Rumiñahui, Ruminavi, Rumiñagui, or alternatively Rumiaoui, born late 15th century, died June 25, 1535, was a general during the civil war, who after the death of Emperor Atahualpa, led the resistance against the Spanish in the northern part of the Inca Empire (modern-day Ecuador) in 1533.

Born in Pillaro in the modern province of Tungurahua, Ecuador, his given name was Ati II Pillahuaso. Inca historians tend to believe that he was Atahualpa’s half-brother, born from a native noble woman. When Francisco Pizarro imprisoned Atahualpa and held him in the Ransom Room, Rumiñahui marched towards Cajamarca to deliver a huge amount of gold. But when the Spaniards broke their word, executing Atahualpa and slaughtering his troops, Rumiñahui returned to the kingdoms of Quito and is believed to have ordered the Treasure of the Llanganatis thrown off a cliff into a lake or crater.

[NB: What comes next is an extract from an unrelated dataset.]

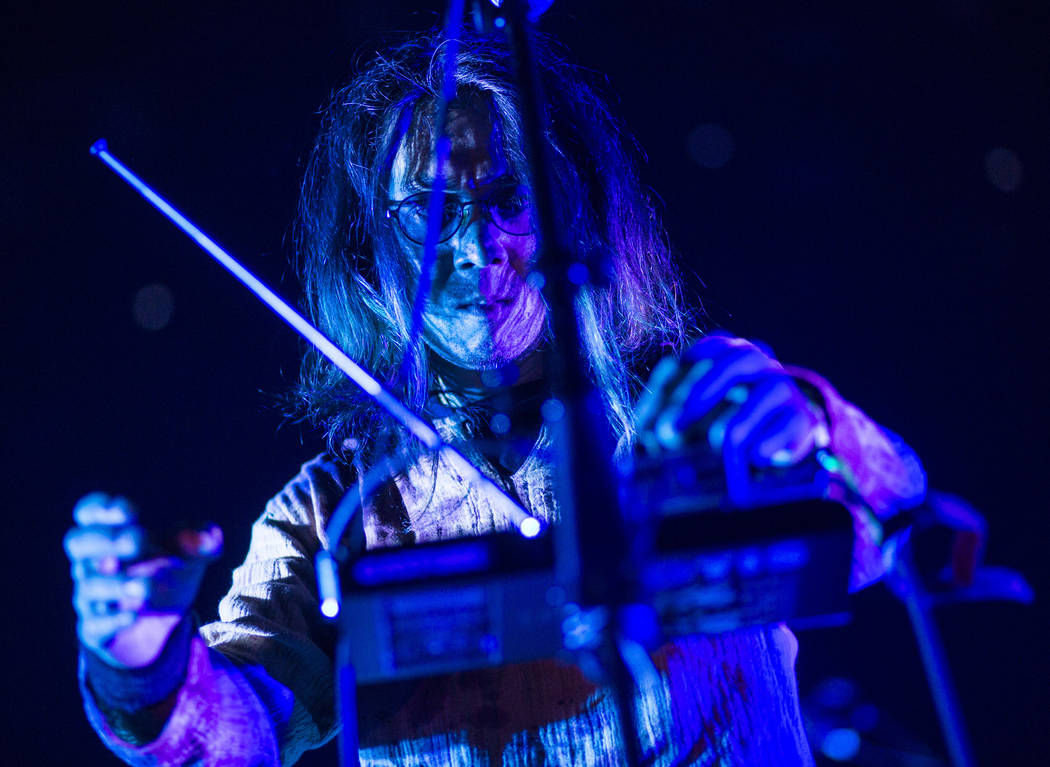 On screen, the walls are getting painted with blood. On stage, the synth is doing all the screaming, as if it’s the thing fighting for its life.

Learning of Rumiñahui’s resistance, Pizarro sent his lieutenant Sebastián de Benalcázar North to take Quito and bring whatever treasure he could recover. The forces of Rumiñahui and Benalcázar met at the Battle of Mount Chimborazo, where Rumiñahui was defeated. However, before the Spanish forces captured Quito, Rumiñahui ordered it burned to the ground, and the Ñusties (temple virgins) killed to preserve their honor. Rumiñahui was eventually captured, tortured and killed by the Spanish but never revealed the location of the treasure.

Rumiñahui is a nickname. In Kichwa it means “eye of stone,” interpreted by some to reference his firm stance against the Spanish at the Battle of Mount Chimborazo.